Collected data:
◆ ◆ ◆

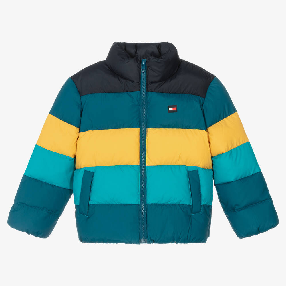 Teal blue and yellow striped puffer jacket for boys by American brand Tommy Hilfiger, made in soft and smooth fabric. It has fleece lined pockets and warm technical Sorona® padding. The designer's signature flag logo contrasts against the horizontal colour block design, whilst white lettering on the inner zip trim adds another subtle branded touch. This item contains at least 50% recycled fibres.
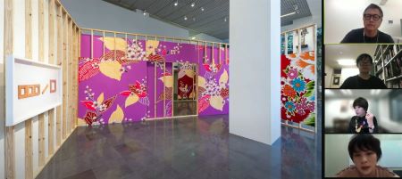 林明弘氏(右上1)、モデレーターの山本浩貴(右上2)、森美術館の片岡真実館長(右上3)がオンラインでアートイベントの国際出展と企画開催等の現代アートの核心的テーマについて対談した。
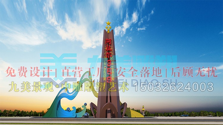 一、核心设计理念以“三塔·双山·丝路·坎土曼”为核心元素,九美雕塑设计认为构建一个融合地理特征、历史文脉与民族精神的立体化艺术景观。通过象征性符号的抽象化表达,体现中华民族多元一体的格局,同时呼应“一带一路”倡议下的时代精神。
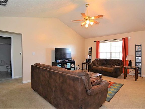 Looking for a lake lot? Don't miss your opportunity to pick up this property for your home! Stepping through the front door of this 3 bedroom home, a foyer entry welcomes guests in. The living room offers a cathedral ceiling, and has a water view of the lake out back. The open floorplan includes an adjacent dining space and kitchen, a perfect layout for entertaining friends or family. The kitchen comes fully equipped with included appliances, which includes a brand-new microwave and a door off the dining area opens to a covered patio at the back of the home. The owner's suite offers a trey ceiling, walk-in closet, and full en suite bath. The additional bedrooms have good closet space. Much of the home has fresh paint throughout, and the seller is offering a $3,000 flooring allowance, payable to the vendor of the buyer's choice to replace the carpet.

◆ ◆ ◆

Your instructions: The answer is to be the lines from the line that contains "林明弘氏(右上1)、モデレー" through the last line of the material, retyped exactly, both included, with pictures left out, please.

Task answer:
 林明弘氏(右上1)、モデレーターの山本浩貴(右上2)、森美術館の片岡真実館長(右上3)がオンラインでアートイベントの国際出展と企画開催等の現代アートの核心的テーマについて対談した。
 一、核心设计理念以“三塔·双山·丝路·坎土曼”为核心元素,九美雕塑设计认为构建一个融合地理特征、历史文脉与民族精神的立体化艺术景观。通过象征性符号的抽象化表达,体现中华民族多元一体的格局,同时呼应“一带一路”倡议下的时代精神。
 Looking for a lake lot? Don't miss your opportunity to pick up this property for your home! Stepping through the front door of this 3 bedroom home, a foyer entry welcomes guests in. The living room offers a cathedral ceiling, and has a water view of the lake out back. The open floorplan includes an adjacent dining space and kitchen, a perfect layout for entertaining friends or family. The kitchen comes fully equipped with included appliances, which includes a brand-new microwave and a door off the dining area opens to a covered patio at the back of the home. The owner's suite offers a trey ceiling, walk-in closet, and full en suite bath. The additional bedrooms have good closet space. Much of the home has fresh paint throughout, and the seller is offering a $3,000 flooring allowance, payable to the vendor of the buyer's choice to replace the carpet.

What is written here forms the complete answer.